Logging fields for useful alerts
| Field | Example |
|---|---|
| feature | support_answer |
| model | claude-sonnet |
| user_tier | free, pro, internal |
| input_tokens | 3200 |
| output_tokens | 850 |
| estimated_cost | $0.011 |
| retry_count | 1 |
| tool_call_count | 3 |
| cache_hit | false |
| status | success, error, fallback |
Without these fields, alerts can tell you that spend increased, but not why.
Alert severity levels
| Level | Trigger | Action |
|---|---|---|
| Info | Cost reaches 50% of daily budget | Track trend |
| Warning | Cost reaches 70% | Notify owner |
| Critical | Cost reaches 100% | Downgrade or limit |
| Emergency | Spend grows and cannot be attributed | Pause risky feature |
Every alert should have an owner. Otherwise alerts become background noise.
Investigation checklist
When an alert fires, ask:
- Which feature triggered it?
- Is traffic actually higher?
- Did input tokens grow?
- Did output tokens grow?
- Did retry rate rise?
- Did agent tool calls increase?
- Did a prompt, route, or model change ship recently?
- Did a batch job repeat?
If you cannot identify the cause quickly, downgrade or pause the feature first, then investigate.
Before-launch checklist
- Feature-level daily budget exists.
- P95 per-request cost baseline exists.
- Retry threshold is defined.
- Agent step and tool-call limits exist.
- Batch jobs use idempotency keys.
- Every alert has an owner.
- Downgrade path is documented.
- Postmortem template exists.
FAQ
Do we need cost alerts from day one?
If the feature serves real users, yes. Start with daily budget and per-request cost alerts, even if they are simple.

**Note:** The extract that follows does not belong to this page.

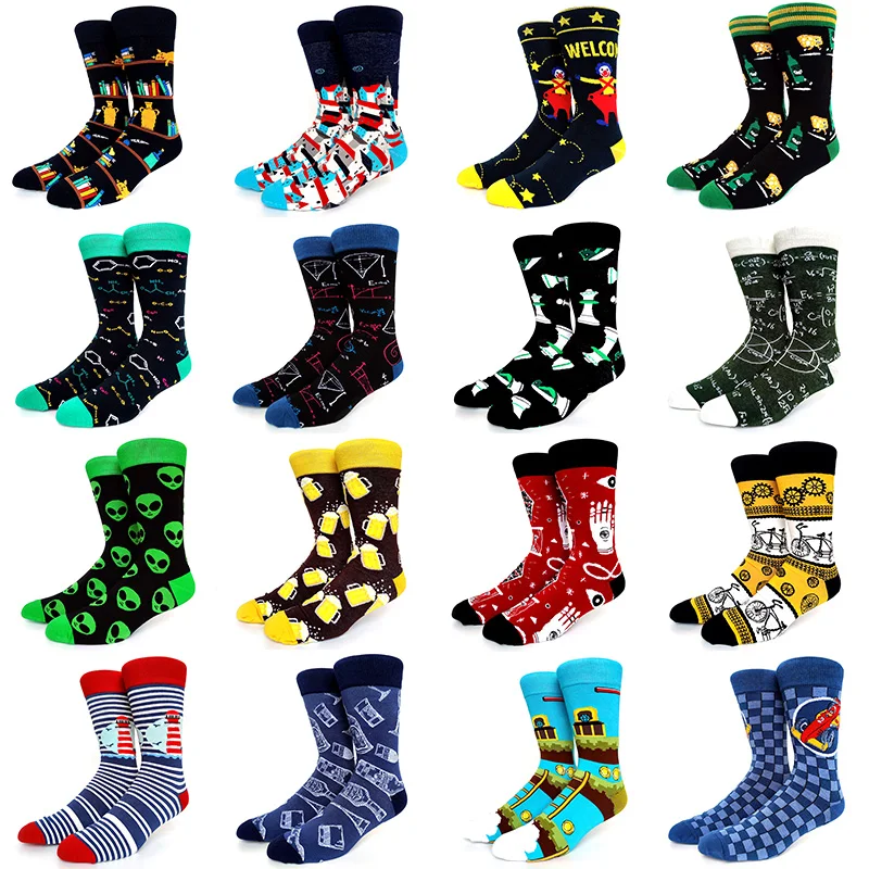 Носки мужские Смешные в стиле Харадзюку, Короткие хлопковые для езды на велосипеде, с символами химикатов, инопланетянами, шахматами, акулами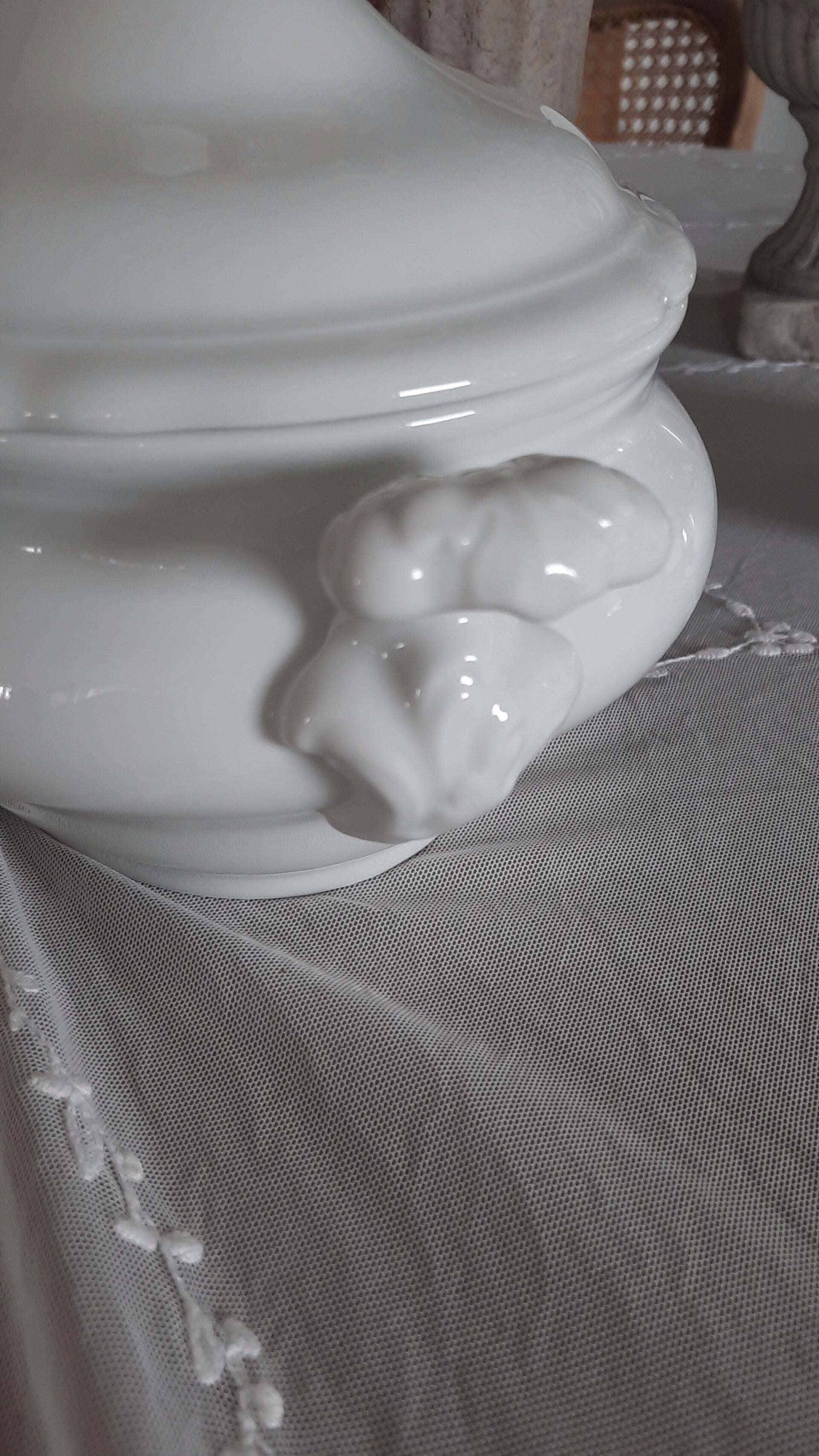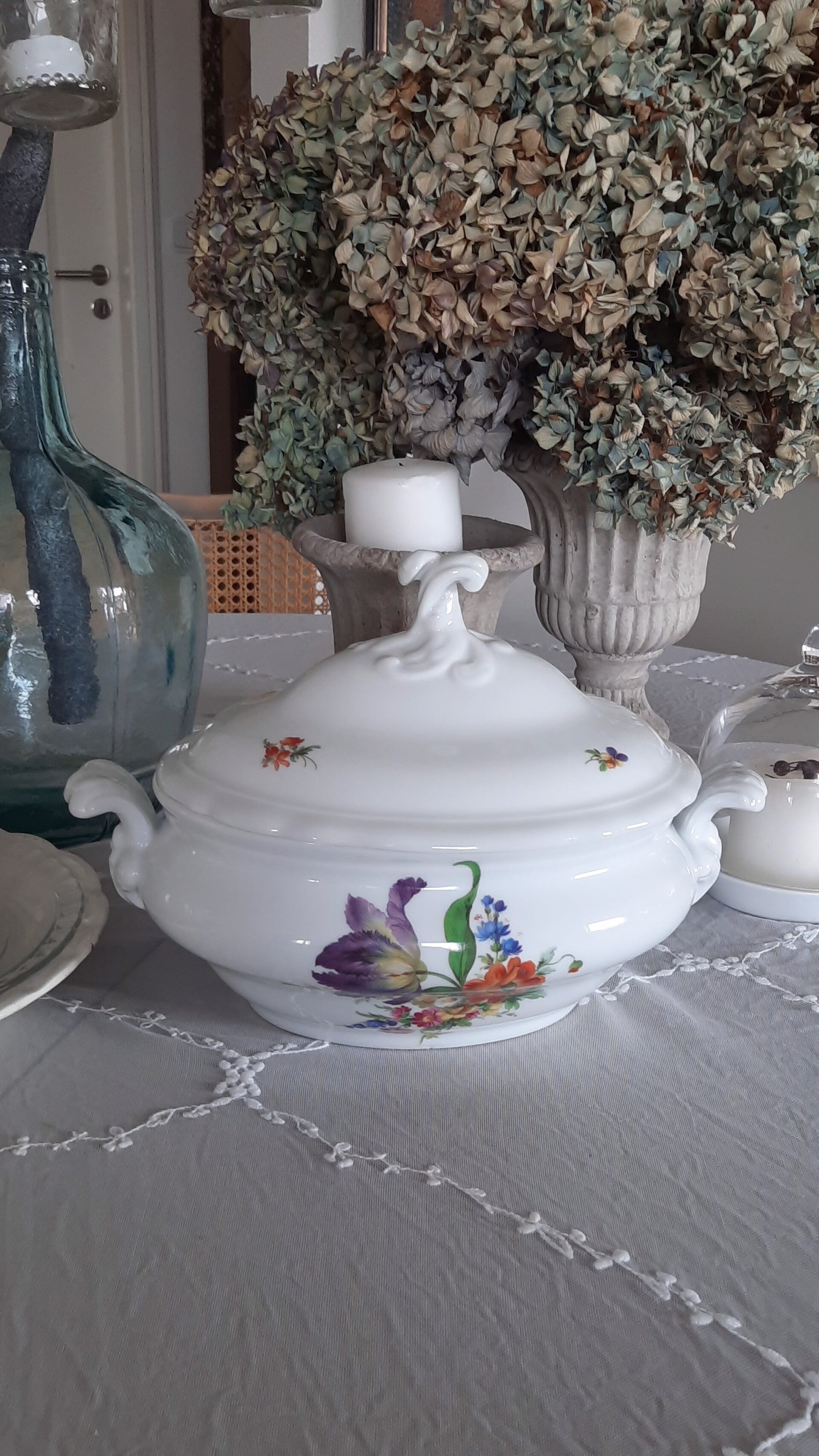 A beautiful vintage tureen with lid in white porcelain with floral pattern. Marked on the bottom Hutschenreuther Germany.

Should thresholds be fixed dollars or percentages?
Use both. Fixed dollar thresholds protect budgets; percentages and P95/P99 thresholds detect abnormal requests.

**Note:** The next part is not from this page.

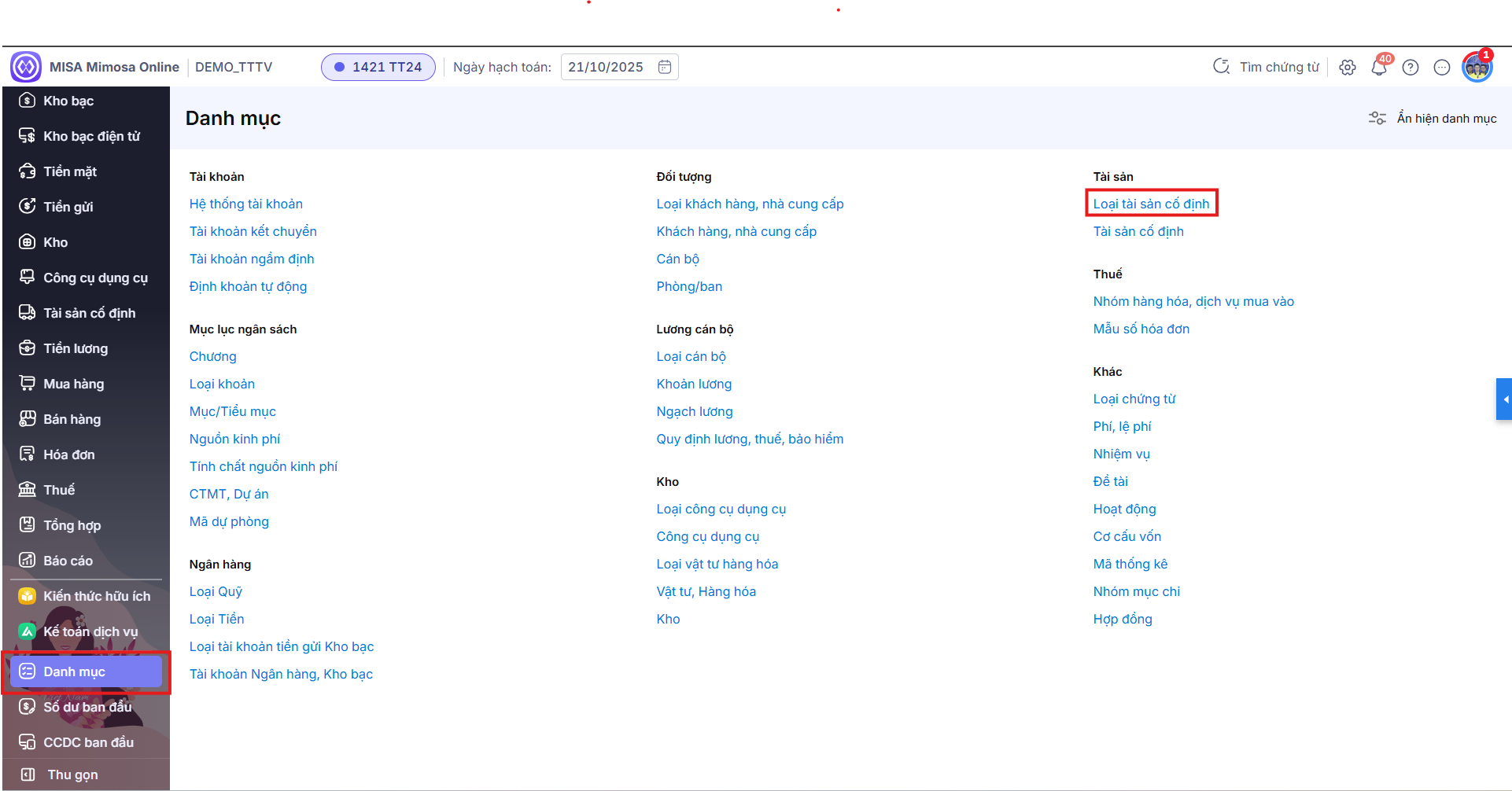 Bước 1: Chọn menu Danh mục\Loại tài sản cố định.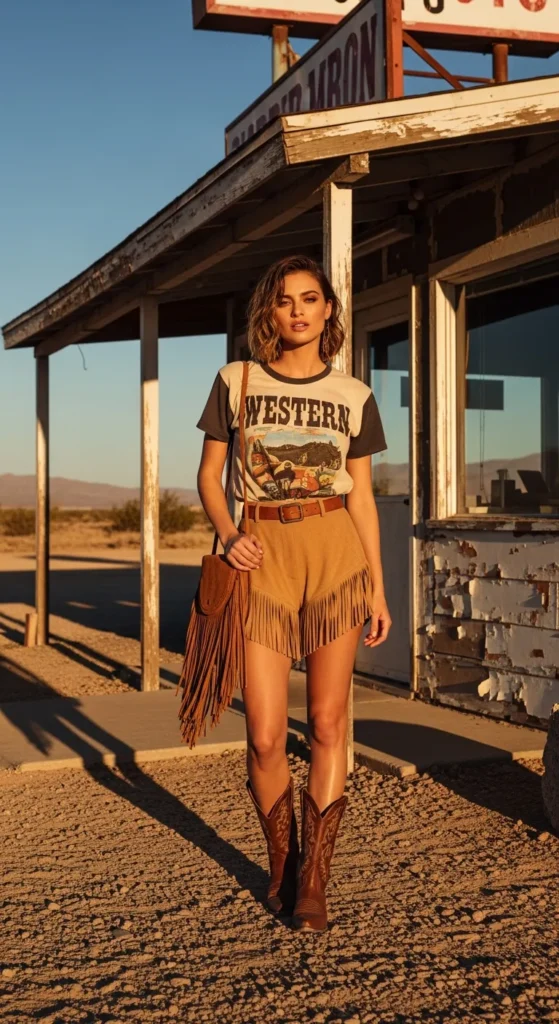 A bold western graphic tee paired with fringe shorts creates a fun and slightly edgy cowgirl outfit. The fringe adds movement while the tee keeps the look relaxed and youthful.

What if alerts create too much noise?
Group by feature and owner. Reduce low-value info alerts, but keep critical budget, retry, and agent-loop alerts visible.
Final take
AI cost alerts make spending observable before it becomes a postmortem. Monitor feature-level budgets, per-request cost, retries, output growth, cache misses, and agent loops. Then connect every alert to an owner and a known action.